### The task
Please copy out the entries below exactly, beginning with the line that contains "SaniSupreme deurkruk, deurgreep, complete" and ending with the line that contains "美式高街涂鸦印花短袖男款夏季小众设计感", and include nothing outside that span.

### Record set
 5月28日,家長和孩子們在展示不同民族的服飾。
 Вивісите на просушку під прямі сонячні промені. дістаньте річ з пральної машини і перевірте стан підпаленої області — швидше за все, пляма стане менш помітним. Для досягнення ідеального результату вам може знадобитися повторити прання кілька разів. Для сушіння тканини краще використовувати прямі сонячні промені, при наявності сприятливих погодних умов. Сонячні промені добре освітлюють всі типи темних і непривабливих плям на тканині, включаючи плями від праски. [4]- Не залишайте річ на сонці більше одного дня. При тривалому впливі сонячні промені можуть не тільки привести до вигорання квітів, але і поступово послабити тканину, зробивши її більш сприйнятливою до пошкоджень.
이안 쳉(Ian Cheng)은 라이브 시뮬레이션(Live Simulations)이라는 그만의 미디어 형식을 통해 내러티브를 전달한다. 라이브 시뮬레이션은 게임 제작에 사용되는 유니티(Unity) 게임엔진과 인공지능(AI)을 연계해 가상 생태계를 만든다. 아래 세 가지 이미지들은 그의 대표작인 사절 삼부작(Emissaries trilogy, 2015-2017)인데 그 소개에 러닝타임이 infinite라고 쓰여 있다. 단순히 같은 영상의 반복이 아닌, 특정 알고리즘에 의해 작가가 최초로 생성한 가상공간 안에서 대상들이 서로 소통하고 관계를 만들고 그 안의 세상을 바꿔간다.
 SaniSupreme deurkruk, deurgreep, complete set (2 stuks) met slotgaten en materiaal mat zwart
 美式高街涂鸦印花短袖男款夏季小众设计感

* * *

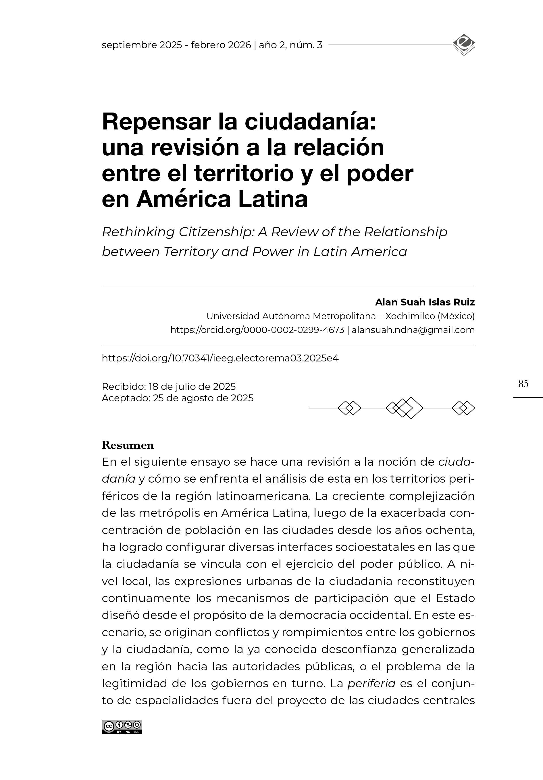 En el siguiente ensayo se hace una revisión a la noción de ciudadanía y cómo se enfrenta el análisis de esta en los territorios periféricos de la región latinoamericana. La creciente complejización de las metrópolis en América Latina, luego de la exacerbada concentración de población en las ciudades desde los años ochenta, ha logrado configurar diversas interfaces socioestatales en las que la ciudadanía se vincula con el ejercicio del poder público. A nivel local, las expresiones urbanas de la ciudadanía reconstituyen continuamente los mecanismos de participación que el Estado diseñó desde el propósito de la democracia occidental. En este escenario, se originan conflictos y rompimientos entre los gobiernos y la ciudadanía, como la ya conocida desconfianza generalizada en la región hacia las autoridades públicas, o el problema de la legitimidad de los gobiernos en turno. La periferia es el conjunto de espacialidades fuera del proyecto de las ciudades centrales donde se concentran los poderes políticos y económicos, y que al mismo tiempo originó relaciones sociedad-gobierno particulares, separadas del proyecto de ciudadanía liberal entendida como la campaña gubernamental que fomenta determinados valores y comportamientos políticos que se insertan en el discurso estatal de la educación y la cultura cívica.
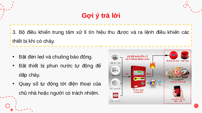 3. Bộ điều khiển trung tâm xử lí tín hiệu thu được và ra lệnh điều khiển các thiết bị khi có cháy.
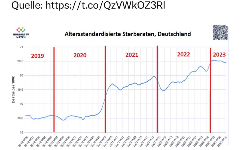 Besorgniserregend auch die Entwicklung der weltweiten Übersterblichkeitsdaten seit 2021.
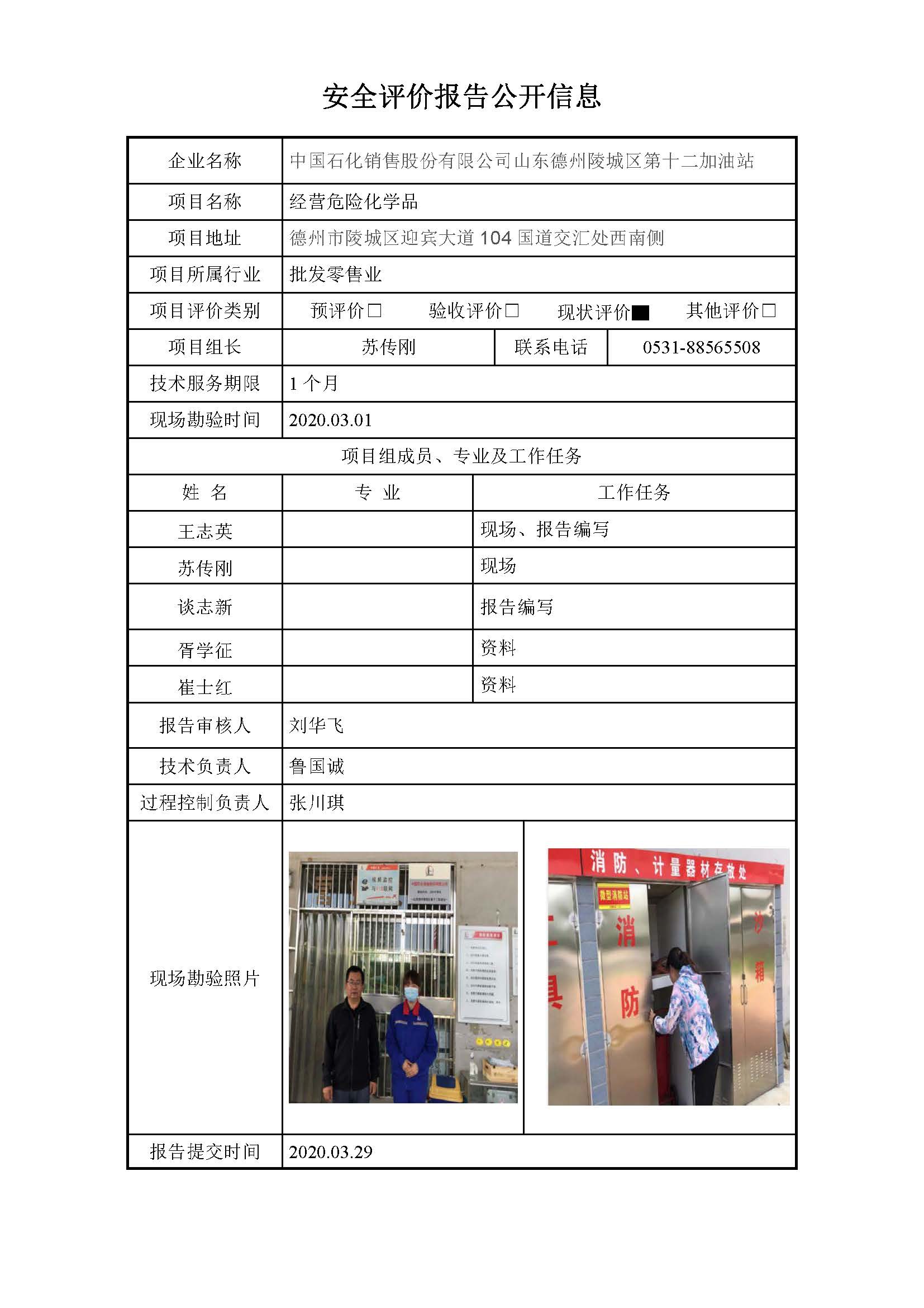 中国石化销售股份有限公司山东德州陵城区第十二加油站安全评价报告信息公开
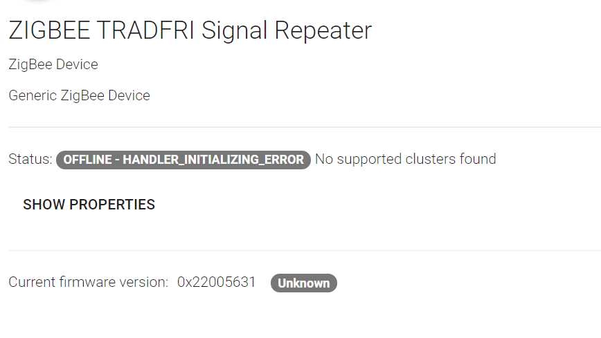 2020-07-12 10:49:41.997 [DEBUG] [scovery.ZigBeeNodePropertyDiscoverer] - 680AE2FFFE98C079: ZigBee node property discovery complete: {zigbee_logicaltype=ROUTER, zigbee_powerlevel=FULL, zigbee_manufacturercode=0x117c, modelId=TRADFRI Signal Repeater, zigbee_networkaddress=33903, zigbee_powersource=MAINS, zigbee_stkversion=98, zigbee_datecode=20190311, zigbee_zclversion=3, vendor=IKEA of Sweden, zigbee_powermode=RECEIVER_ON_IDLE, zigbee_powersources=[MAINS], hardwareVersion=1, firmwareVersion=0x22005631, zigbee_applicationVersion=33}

...

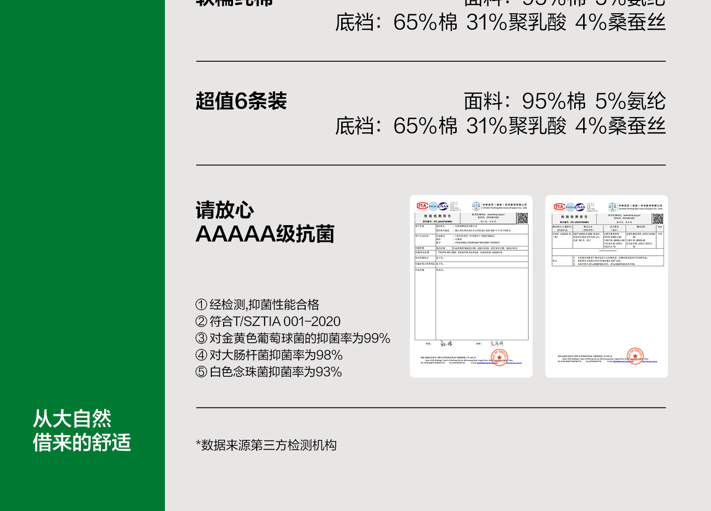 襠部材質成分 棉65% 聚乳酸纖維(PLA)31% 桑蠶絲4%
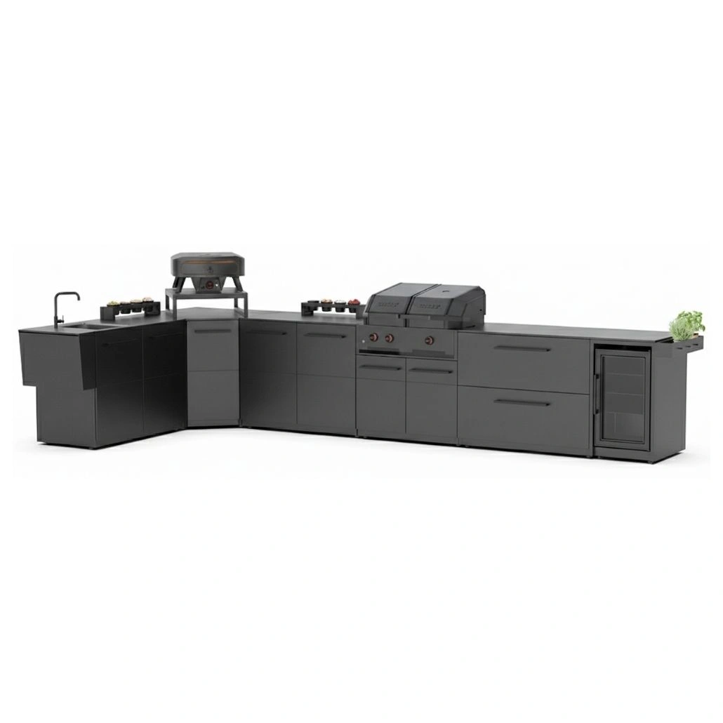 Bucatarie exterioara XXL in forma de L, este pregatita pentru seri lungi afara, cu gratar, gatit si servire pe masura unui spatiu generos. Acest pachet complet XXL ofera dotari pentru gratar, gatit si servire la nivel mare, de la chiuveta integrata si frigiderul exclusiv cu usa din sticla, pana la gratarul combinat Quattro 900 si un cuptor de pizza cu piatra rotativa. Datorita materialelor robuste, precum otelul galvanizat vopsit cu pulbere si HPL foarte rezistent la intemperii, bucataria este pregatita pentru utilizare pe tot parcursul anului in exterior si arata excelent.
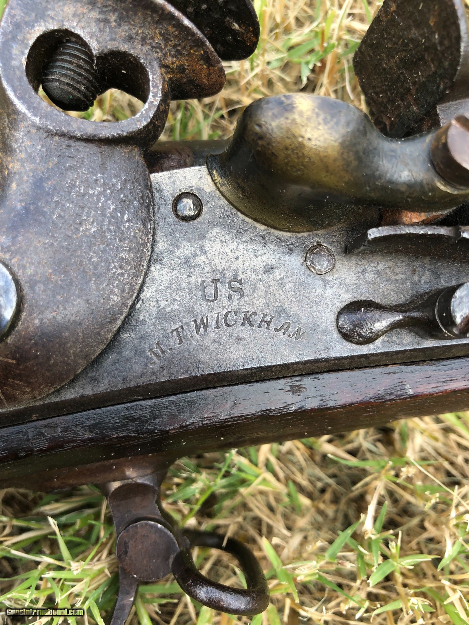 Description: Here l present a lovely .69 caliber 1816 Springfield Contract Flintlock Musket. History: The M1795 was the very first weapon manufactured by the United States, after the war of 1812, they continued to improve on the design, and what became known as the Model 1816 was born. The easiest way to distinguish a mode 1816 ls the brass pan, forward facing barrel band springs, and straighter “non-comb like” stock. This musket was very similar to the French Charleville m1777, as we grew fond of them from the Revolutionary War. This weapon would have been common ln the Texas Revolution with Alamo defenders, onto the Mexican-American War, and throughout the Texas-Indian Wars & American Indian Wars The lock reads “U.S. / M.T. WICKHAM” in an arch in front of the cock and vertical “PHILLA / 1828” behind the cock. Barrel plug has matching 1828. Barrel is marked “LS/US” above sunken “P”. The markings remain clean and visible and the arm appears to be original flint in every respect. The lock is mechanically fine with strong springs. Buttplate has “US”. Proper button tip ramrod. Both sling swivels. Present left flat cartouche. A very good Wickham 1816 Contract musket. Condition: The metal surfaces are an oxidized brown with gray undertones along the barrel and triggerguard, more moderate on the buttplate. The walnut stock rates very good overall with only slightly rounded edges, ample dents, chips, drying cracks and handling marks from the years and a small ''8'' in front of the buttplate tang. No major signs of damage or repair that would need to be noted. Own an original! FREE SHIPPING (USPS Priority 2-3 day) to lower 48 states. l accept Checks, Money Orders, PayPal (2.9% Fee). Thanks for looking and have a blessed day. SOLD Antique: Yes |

### Solution to the exercise
 SaniSupreme deurkruk, deurgreep, complete set (2 stuks) met slotgaten en materiaal mat zwart
 美式高街涂鸦印花短袖男款夏季小众设计感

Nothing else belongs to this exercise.